Copy the lines below verbatim. Begin with the first and end with the line containing "We observe that".
▬▬▬
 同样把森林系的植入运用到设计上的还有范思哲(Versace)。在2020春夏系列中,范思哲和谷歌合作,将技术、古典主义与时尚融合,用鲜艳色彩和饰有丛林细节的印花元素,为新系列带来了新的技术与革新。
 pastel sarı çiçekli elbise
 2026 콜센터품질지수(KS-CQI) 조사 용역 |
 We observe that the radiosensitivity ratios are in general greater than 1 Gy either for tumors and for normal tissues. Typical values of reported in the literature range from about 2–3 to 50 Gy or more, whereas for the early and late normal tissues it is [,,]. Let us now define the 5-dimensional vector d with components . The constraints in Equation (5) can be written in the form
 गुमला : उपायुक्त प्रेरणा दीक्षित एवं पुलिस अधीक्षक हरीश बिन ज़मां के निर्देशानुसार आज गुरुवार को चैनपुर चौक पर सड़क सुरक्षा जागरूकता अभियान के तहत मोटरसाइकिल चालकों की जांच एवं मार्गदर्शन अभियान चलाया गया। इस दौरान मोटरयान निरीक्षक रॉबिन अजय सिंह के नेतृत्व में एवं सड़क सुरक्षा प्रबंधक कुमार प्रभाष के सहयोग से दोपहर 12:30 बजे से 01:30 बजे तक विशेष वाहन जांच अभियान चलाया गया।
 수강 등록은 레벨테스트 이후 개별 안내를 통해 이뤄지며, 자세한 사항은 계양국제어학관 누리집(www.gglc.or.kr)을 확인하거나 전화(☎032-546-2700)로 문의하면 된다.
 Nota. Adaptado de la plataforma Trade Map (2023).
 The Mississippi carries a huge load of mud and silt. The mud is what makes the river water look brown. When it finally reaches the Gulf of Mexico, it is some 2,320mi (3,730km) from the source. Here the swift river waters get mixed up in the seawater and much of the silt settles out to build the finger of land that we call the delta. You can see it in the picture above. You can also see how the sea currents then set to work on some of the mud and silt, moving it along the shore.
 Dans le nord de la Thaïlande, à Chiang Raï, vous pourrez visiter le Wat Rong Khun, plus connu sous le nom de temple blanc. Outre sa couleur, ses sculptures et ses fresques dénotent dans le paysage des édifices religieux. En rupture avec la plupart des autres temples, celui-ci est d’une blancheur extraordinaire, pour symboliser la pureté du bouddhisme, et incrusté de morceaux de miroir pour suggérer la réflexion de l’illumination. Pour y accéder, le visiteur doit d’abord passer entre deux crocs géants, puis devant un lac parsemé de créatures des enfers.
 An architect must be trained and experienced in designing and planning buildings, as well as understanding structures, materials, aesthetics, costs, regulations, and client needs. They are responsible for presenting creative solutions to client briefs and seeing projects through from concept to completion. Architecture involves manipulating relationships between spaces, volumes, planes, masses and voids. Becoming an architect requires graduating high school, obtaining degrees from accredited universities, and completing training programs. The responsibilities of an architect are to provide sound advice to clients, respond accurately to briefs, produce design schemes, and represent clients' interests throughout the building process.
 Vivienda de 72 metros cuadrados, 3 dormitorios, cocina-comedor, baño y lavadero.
▬▬▬
Solution to the exercise:
 同样把森林系的植入运用到设计上的还有范思哲(Versace)。在2020春夏系列中,范思哲和谷歌合作,将技术、古典主义与时尚融合,用鲜艳色彩和饰有丛林细节的印花元素,为新系列带来了新的技术与革新。
 pastel sarı çiçekli elbise
 2026 콜센터품질지수(KS-CQI) 조사 용역 |
 We observe that the radiosensitivity ratios are in general greater than 1 Gy either for tumors and for normal tissues. Typical values of reported in the literature range from about 2–3 to 50 Gy or more, whereas for the early and late normal tissues it is [,,]. Let us now define the 5-dimensional vector d with components . The constraints in Equation (5) can be written in the form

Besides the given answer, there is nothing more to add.